** Records to use follows **

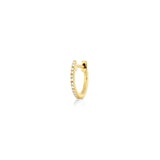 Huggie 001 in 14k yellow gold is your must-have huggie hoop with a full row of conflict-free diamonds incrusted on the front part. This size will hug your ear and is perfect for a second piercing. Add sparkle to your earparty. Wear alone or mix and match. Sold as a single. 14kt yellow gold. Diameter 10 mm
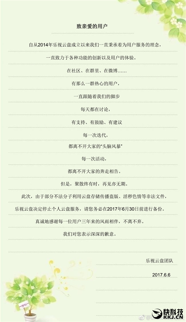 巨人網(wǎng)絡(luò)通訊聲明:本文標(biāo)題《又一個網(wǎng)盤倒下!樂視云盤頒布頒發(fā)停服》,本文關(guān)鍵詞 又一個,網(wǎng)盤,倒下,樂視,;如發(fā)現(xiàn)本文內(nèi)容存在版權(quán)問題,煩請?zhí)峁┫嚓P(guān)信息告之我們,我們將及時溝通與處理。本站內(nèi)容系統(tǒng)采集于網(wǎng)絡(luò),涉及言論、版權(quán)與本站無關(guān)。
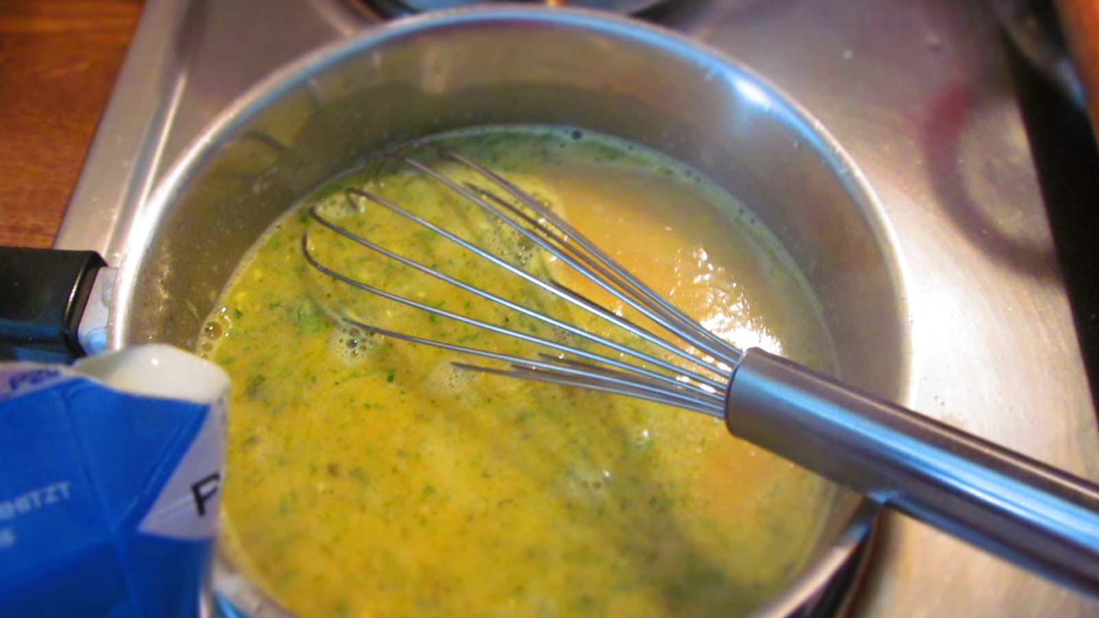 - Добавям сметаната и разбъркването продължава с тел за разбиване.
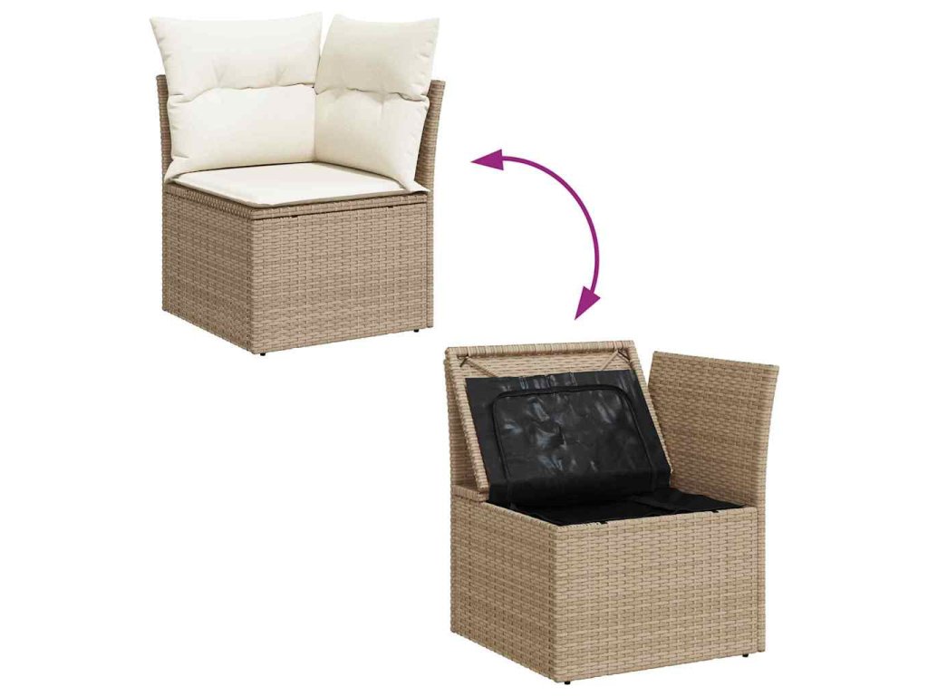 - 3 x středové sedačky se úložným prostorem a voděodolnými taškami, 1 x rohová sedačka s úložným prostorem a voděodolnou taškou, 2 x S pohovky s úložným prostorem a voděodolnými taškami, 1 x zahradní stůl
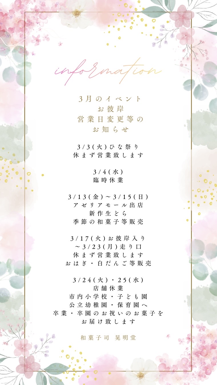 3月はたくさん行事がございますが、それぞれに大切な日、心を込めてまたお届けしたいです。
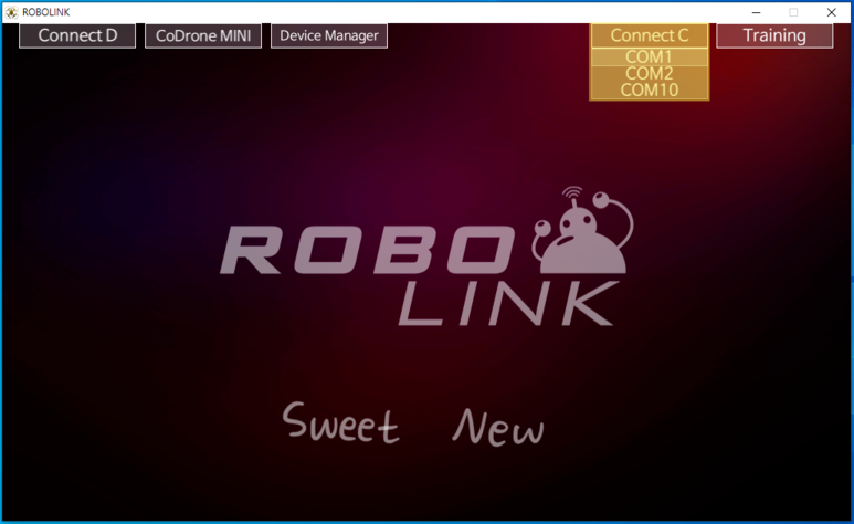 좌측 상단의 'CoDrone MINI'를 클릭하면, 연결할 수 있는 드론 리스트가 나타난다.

** End of Records to use **

Print exactly the first line of the entries and every line after it through the one that contains "- Добавям сметаната", leaving the pictures out.

 Huggie 001 in 14k yellow gold is your must-have huggie hoop with a full row of conflict-free diamonds incrusted on the front part. This size will hug your ear and is perfect for a second piercing. Add sparkle to your earparty. Wear alone or mix and match. Sold as a single. 14kt yellow gold. Diameter 10 mm
 巨人網(wǎng)絡(luò)通訊聲明:本文標(biāo)題《又一個網(wǎng)盤倒下!樂視云盤頒布頒發(fā)停服》,本文關(guān)鍵詞 又一個,網(wǎng)盤,倒下,樂視,;如發(fā)現(xiàn)本文內(nèi)容存在版權(quán)問題,煩請?zhí)峁┫嚓P(guān)信息告之我們,我們將及時溝通與處理。本站內(nèi)容系統(tǒng)采集于網(wǎng)絡(luò),涉及言論、版權(quán)與本站無關(guān)。
 - Добавям сметаната и разбъркването продължава с тел за разбиване.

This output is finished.